From the line below that contains "Depuis l’angle, la" to the line that contains "Similar Design Products", repeat every line exactly, both ends included, and nothing else.

---------- DATA RECORDS

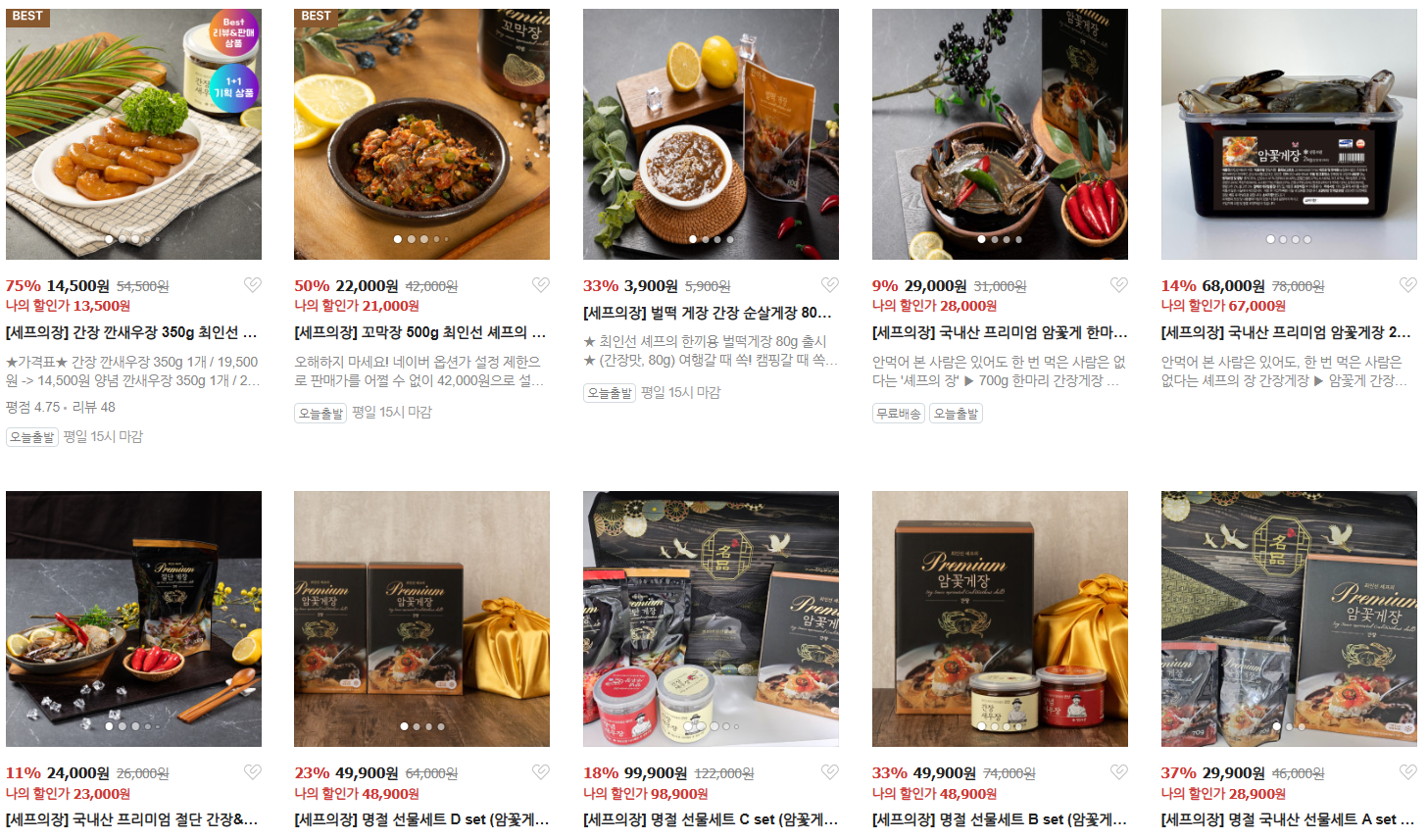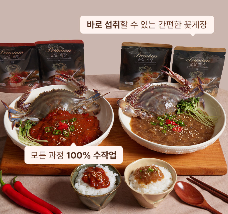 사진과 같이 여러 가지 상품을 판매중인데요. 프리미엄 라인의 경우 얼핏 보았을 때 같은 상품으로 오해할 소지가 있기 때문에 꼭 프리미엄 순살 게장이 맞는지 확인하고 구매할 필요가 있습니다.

--------------------
---------- DATA RECORDS

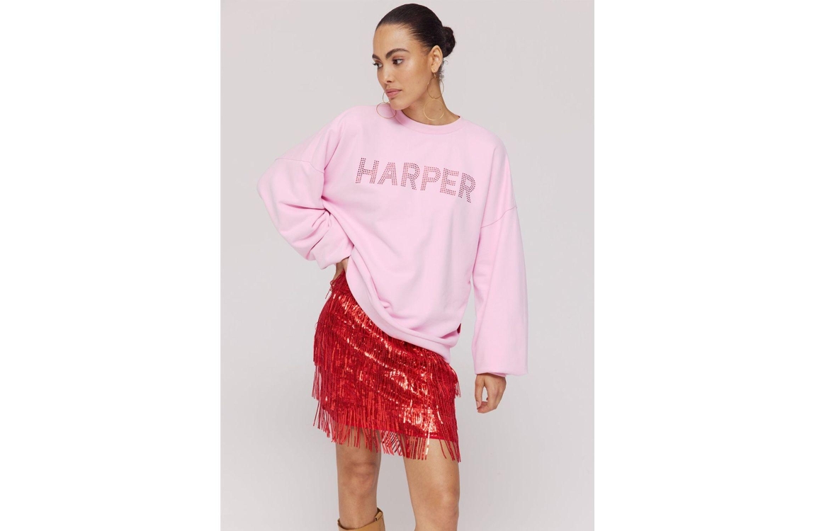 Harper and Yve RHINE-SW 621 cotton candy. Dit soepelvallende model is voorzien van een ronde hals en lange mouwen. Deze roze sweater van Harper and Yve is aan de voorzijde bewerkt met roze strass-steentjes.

--------------------
---------- DATA RECORDS

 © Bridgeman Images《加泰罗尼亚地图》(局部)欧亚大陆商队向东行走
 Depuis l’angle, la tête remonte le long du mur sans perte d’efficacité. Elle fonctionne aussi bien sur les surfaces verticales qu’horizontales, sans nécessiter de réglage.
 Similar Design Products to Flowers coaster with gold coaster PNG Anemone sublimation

--------------------

--- EXERCISE SOLUTION ---
 Depuis l’angle, la tête remonte le long du mur sans perte d’efficacité. Elle fonctionne aussi bien sur les surfaces verticales qu’horizontales, sans nécessiter de réglage.
 Similar Design Products to Flowers coaster with gold coaster PNG Anemone sublimation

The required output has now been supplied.